Much later, when I joined the workforce, I realized even better what a big difference, to have decent self-confidence makes. I have seen people climbing the steps to higher positions, the ones who are good but not that good, while others with much more to offer left behind.
First, I blamed the system for supporting the ones who represent themselves more and for not giving those more introverted a chance. But then it dawned on me. It is not the system’s responsibility to treat people according to their level of self-confidence. It is our responsibility, as individuals, to work on our self-esteem, have the guts to put ourselves out there, and be open about what we could offer.
But if I have low self-esteem, what can I do about it? How can I boost my positive self-image?
You can do plenty, starting from analyzing your character honestly and openly. You can observe your behaviour, determine the circumstances that you feel the lack of self-confidence the most. Also, you can ask a friend, or better yet, a coach to help you flex that muscle as much and often as you can.
Additionally, you can try one or more or preferably all of these helpful tips.
- First and foremost, love and accept yourself the way you are, and treat yourself the way you want others to treat you!
- Visualize the person you want to be.
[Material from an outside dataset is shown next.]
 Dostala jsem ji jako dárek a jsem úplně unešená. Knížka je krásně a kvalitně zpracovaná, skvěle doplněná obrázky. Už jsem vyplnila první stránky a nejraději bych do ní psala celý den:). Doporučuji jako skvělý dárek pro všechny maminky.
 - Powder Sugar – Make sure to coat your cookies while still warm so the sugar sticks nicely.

Paint a mental picture of yourself in your head and believe that you are, in fact, that person. Then think about what you can do to become this person.
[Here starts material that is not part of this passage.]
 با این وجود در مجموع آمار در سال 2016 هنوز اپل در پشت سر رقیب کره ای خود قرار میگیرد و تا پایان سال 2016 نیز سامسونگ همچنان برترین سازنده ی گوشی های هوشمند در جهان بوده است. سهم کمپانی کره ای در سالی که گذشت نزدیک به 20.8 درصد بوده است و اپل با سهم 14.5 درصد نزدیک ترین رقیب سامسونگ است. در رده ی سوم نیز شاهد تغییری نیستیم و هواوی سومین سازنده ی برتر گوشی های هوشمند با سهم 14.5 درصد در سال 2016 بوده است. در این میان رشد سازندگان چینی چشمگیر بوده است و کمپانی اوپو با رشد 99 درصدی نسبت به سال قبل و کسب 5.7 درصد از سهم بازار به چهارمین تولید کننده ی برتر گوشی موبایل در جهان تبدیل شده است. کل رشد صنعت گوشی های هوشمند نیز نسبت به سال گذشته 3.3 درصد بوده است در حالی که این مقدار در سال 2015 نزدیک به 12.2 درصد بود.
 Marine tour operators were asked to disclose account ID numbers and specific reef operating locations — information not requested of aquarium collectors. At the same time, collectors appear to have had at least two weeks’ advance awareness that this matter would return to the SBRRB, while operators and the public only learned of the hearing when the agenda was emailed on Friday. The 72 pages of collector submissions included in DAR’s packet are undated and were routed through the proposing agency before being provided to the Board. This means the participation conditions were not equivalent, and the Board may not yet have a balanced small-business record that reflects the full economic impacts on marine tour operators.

- Keep the positive vibes and discard the negativity. Use positive affirmations. Get up in the morning and say, “Everything is always working out for me”. Steer clear of anything that discourages you.
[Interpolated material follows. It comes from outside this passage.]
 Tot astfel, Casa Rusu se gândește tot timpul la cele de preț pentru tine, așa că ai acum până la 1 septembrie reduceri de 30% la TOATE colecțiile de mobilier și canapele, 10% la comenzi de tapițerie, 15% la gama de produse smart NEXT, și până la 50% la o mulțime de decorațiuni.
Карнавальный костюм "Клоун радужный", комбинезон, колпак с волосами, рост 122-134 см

- Remember that your body language speaks volumes. Sit upright, walk with, avoid slouching. A firm handshake can also go a long way in creating a healthy first impression.
- Let go of the perfectionist in you. Because if you keep at it, you will feel dissatisfied with yourself and even quit before you start in most cases.
- Speak out loud and firm. Your tone reflects how you feel about yourself and your opinion. Let others have the chance to understand your valuable contribution. Unless you believe how important it is, others will not either.
- Take care of yourself. If you feel confident about how you look, how you smell, how you carry yourself around, others will notice that too. Exercise and eat mindfully to keep your body healthy. Also, meditate and practise mindfulness to keep your mind and soul centred and aligned.
- Help others. Being generous, making a difference big or small in someone’s day or life lifts your spirits on how you feel about yourself.
Only you are the one who’s in control of your confidence level, no one else. Take responsibility and make it better. Not because others think you should get to somewhere that matters in society, but because it matters to you.